Outlook for US Growth Investing

Seeking Sustainable Growth in an Increasingly Volatile World.

Grant Bowers

Grant Bowers Vice President, Portfolio Manager, Franklin Equity Group®

Matthew J. Moberg, CPA

Matthew J. Moberg, CPAVice President, Portfolio Manager, Franklin Equity Group®

"The competitive landscape is more challenging than ever, but many high-quality companies are leveraging innovation and the power of digital transformation to change the way we communicate, shop, travel and live our lives. Our outlook is bright for high-quality US companies that can adapt to the new digital landscape and deliver consistent, sustainable growth in an increasingly volatile world.”

We do not presently see any classic signs the economic cycle in the United States is turning or that a recession is on the horizon. The current US expansion has been long by historical standards, but investors should remember that it has been modest and slow compared with past growth periods. For now, a strong labor market and rising wages suggest that consumers have purchasing power to drive the US economy forward. Additionally, the slow pace of growth has not led to the speculative excesses in the financial markets that typically reveal themselves in late stages of economic expansions. Looking at the recent economic data, we do not anticipate systemic deterioration in the macroeconomic backdrop nor broad-based weakness in corporate fundamentals in the foreseeable future.

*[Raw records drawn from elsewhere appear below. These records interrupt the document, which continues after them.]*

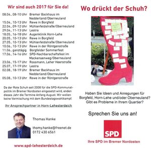 Bereits 2016 zog der "Rote Schuh" der SPD durch die Stadtteile im Nordosten. Die Vorstände der SPD Ortsvereine aus Borgfeld, Horn-Achterdiek, Horn-Lehesterdeich und Oberneuland haben beschlossen, dass der Bürgerdialog "Wo drückt der Schuh?" auch in 2017 weitergeht.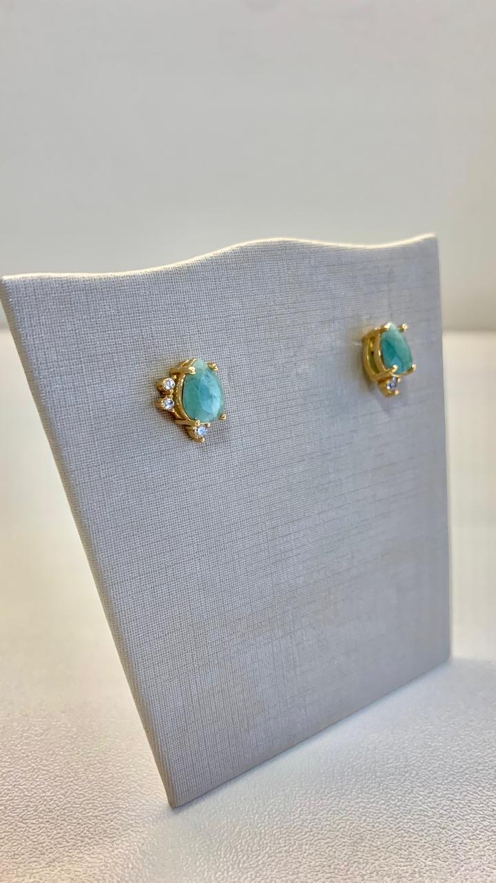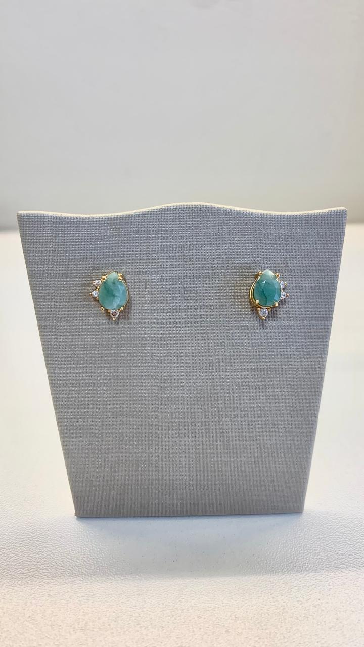 Brinco esmeralda e zircônias brancas, banhado a ouro 18k.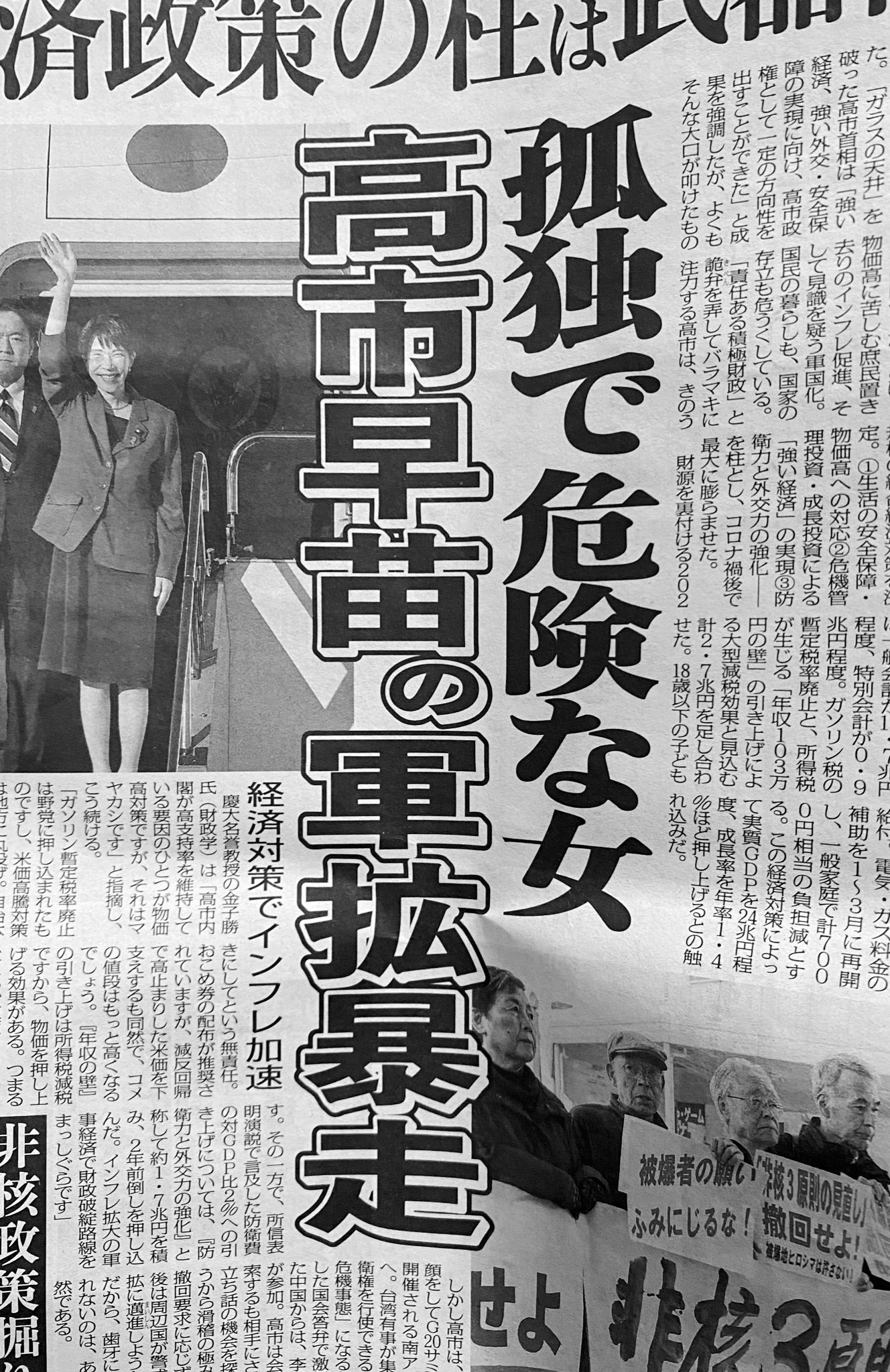 総理就任一ヶ月で「軍拡暴走」とまで書かれる総理って、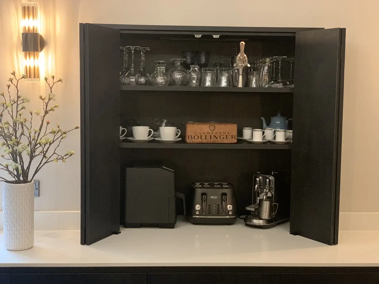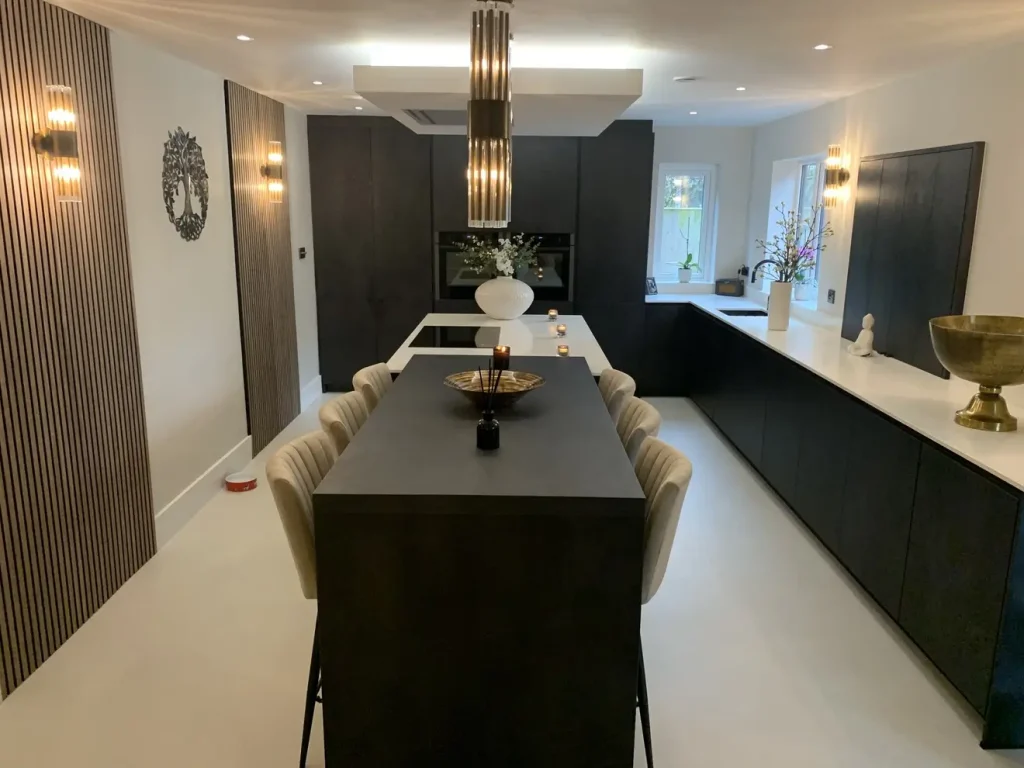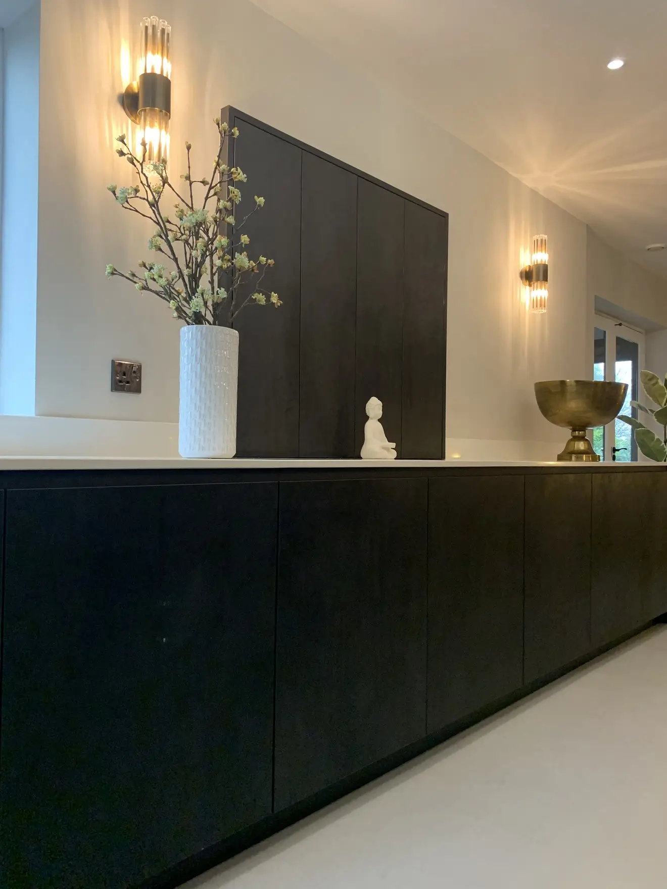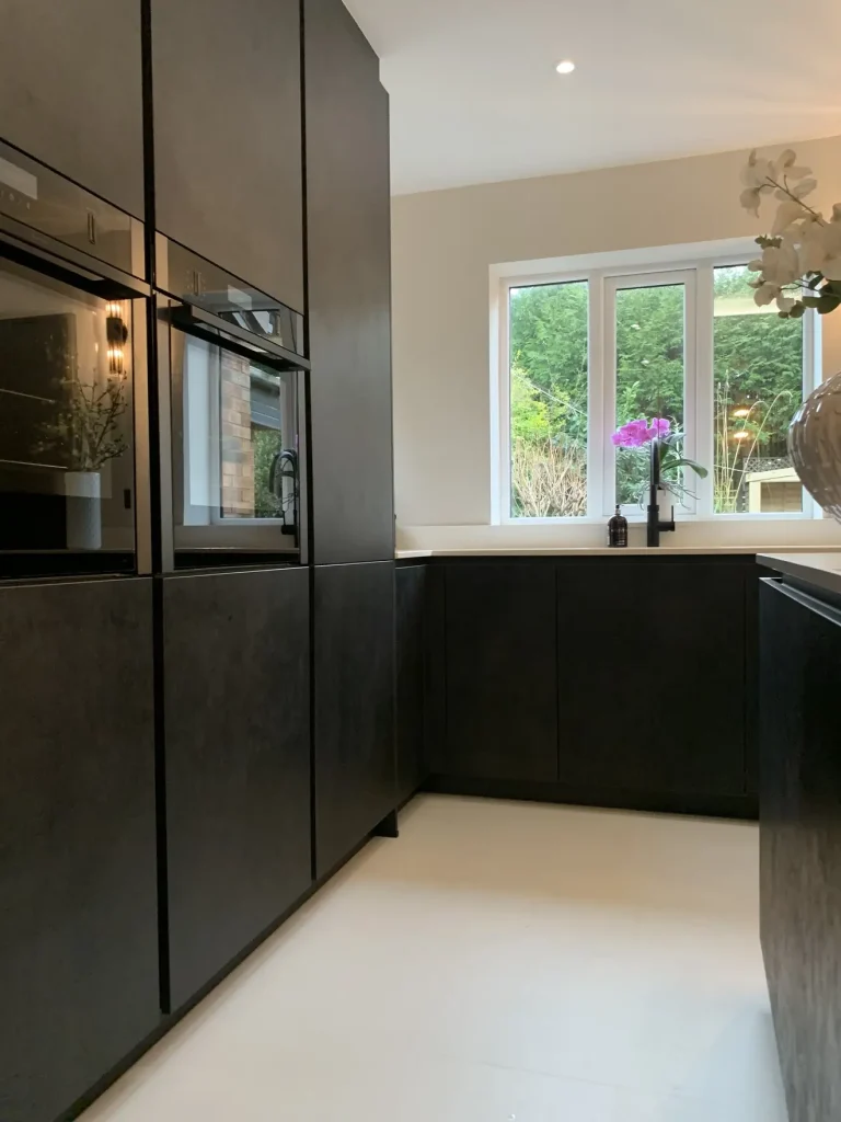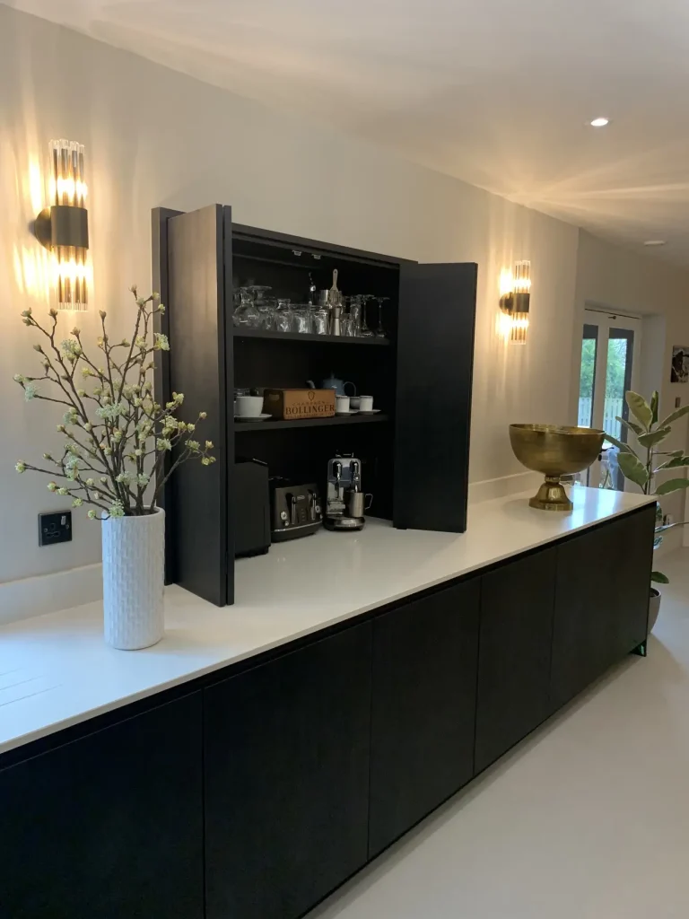 This German Häcker kitchen is the epitome of modern luxury, designed for bold aesthetics and effortless functionality. The rich cabinetry creates a dramatic statement, perfectly complemented by sleek quartz worktops – both elegant and durable.

Seeking Sustainable Growth in an Unstable Landscape

In this low and slow economic growth environment that we expect to continue, the companies with “idiosyncratic growth drivers” should outperform, in our view. This favors companies that can grow revenues and earnings by addressing secular changes and embracing disruption driven by digital transformation. Our focus is on high-quality companies across all industries—from technology to consumer goods to industrials—that are leveraging innovation and the power of digital transformation to change the way we communicate, shop, travel and live our lives. In a world that is being transformed daily by robotics and automation, social movements, climate change and other dynamics, we seek to invest in companies with the vision to navigate the pace and scale of change and deliver sustainable growth.

Several themes we are excited about and are following include artificial intelligence and machine learning; cloud computing; cybersecurity; digital payments and fintech; and the growth of our connected world. These are key investment themes we have identified that we believe will be more relevant 10 years from now, and we look to harness the wealth creation potential of these innovations and others over a long-term investment horizon.

Active Management Can Add Value

We also believe active management is needed to identify companies that recognize the changing competitive landscape and innovate to thrive in a slow global growth environment. As part of our investment management process, we interact with some of the world’s leading innovators. Our research team is constantly reaching out to thought leaders across industries, and meeting with trailblazing firms to understand cutting-edge technologies and ideas that could have transformative potential. Our analysts conduct fundamental stock research to develop a deep understanding of the companies in the sectors and industries they cover. They meet management, speak with customers, analyze the competitive environment and become intimately acquainted with the products or services offered. Active management can prove its worth—guiding investors to what we see as the intersection of great ideas and good investments.

Risks and Opportunities

Tariffs and trade restrictions will probably be the biggest area of uncertainty in financial markets in the near term. And in 2020 the US presidential election cycle will dominate the headlines. Each of these factors has the ability to impact global trade and the US regulatory environment materially—for good or ill. Each is likely to induce market volatility, in our estimation. Meanwhile, inflation risk has become a more distant concern as the disinflationary power of technology adoption appears to have kept broad-based inflation in check. US employment has been strong, and we have been seeing wages pick up and prices rising, albeit modestly. While this is a positive backdrop for consumer spending in the United States, if we were to see inflation increase significantly, it would be a warning sign for economic growth as the US Federal Reserve would likely feel compelled to raise interest rates.

Regardless, to achieve our investment goal of capital appreciation, we generally look beyond short-term, transitory market conditions or political risks and focus on a company’s long-term competitive position and growth potential. As active managers, we monitor market risks, but we keep our investment focus on innovative companies with dynamic business models that we believe can do well regardless of macro conditions.


All investments involve risks, including possible loss of principal. Stock prices fluctuate, sometimes rapidly and dramatically, due to factors affecting individual companies, particular industries or sectors, or general market conditions. Investments in fast-growing industries like the technology sector (which has historically been volatile) could result in increased price fluctuation, especially over the short term, due to the rapid pace of product change and development and changes in government regulation of companies emphasizing technological advancement. Small- and mid-capitalization companies can be particularly sensitive to changing economic conditions, and their prospects for growth are less certain than those of larger, more established companies.